● **Required work**: Everything from the line with "Kongre kapsamında gerçekleştirilen" to the line with "Opzoek naar een" in the listing below, both lines included, needs to be copied exactly, apart from the pictures.

● **Input**:

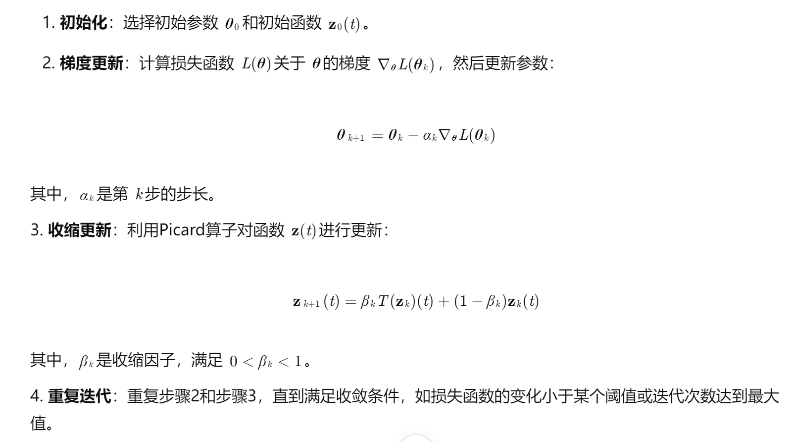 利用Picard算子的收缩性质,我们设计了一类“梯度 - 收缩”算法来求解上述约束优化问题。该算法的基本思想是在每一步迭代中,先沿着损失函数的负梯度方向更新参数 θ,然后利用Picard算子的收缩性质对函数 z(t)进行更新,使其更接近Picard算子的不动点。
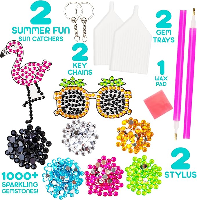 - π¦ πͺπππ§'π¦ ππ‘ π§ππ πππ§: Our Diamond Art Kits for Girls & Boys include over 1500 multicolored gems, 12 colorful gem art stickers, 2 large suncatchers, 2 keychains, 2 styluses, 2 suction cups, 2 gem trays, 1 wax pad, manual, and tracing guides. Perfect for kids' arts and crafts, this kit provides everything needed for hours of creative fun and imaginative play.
--
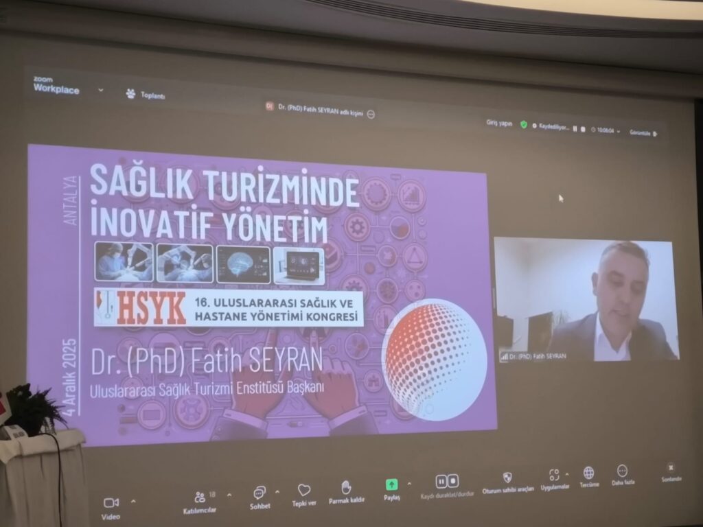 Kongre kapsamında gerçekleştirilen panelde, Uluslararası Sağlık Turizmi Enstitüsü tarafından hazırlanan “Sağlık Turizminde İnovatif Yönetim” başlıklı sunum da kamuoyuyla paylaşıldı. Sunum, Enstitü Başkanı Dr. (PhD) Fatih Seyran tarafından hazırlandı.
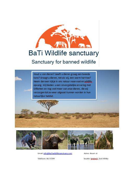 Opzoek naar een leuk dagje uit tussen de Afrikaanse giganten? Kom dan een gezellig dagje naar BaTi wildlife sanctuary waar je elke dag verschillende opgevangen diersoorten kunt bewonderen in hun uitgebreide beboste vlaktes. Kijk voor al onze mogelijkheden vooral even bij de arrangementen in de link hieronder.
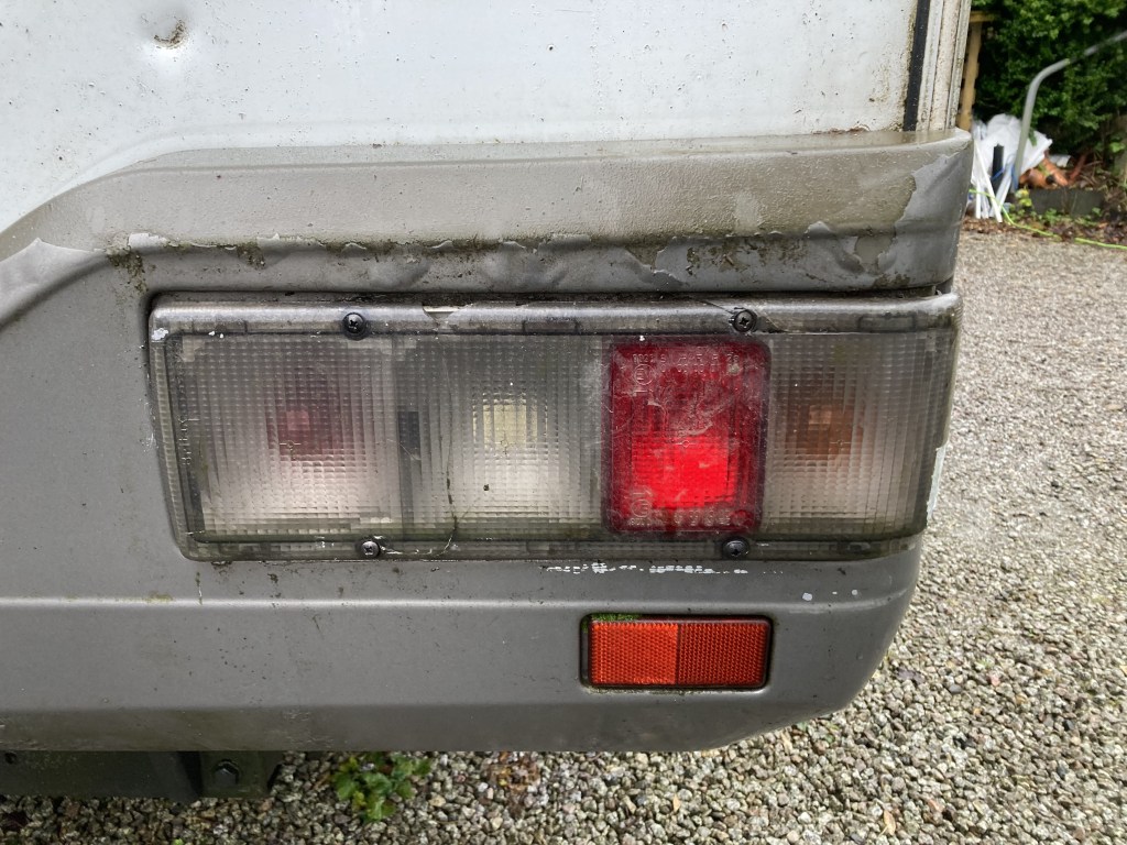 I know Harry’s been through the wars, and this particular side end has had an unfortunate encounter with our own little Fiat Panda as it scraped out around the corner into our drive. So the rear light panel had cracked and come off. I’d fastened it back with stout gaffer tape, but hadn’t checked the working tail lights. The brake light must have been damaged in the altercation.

● **Reply**:
 Kongre kapsamında gerçekleştirilen panelde, Uluslararası Sağlık Turizmi Enstitüsü tarafından hazırlanan “Sağlık Turizminde İnovatif Yönetim” başlıklı sunum da kamuoyuyla paylaşıldı. Sunum, Enstitü Başkanı Dr. (PhD) Fatih Seyran tarafından hazırlandı.
 Opzoek naar een leuk dagje uit tussen de Afrikaanse giganten? Kom dan een gezellig dagje naar BaTi wildlife sanctuary waar je elke dag verschillende opgevangen diersoorten kunt bewonderen in hun uitgebreide beboste vlaktes. Kijk voor al onze mogelijkheden vooral even bij de arrangementen in de link hieronder.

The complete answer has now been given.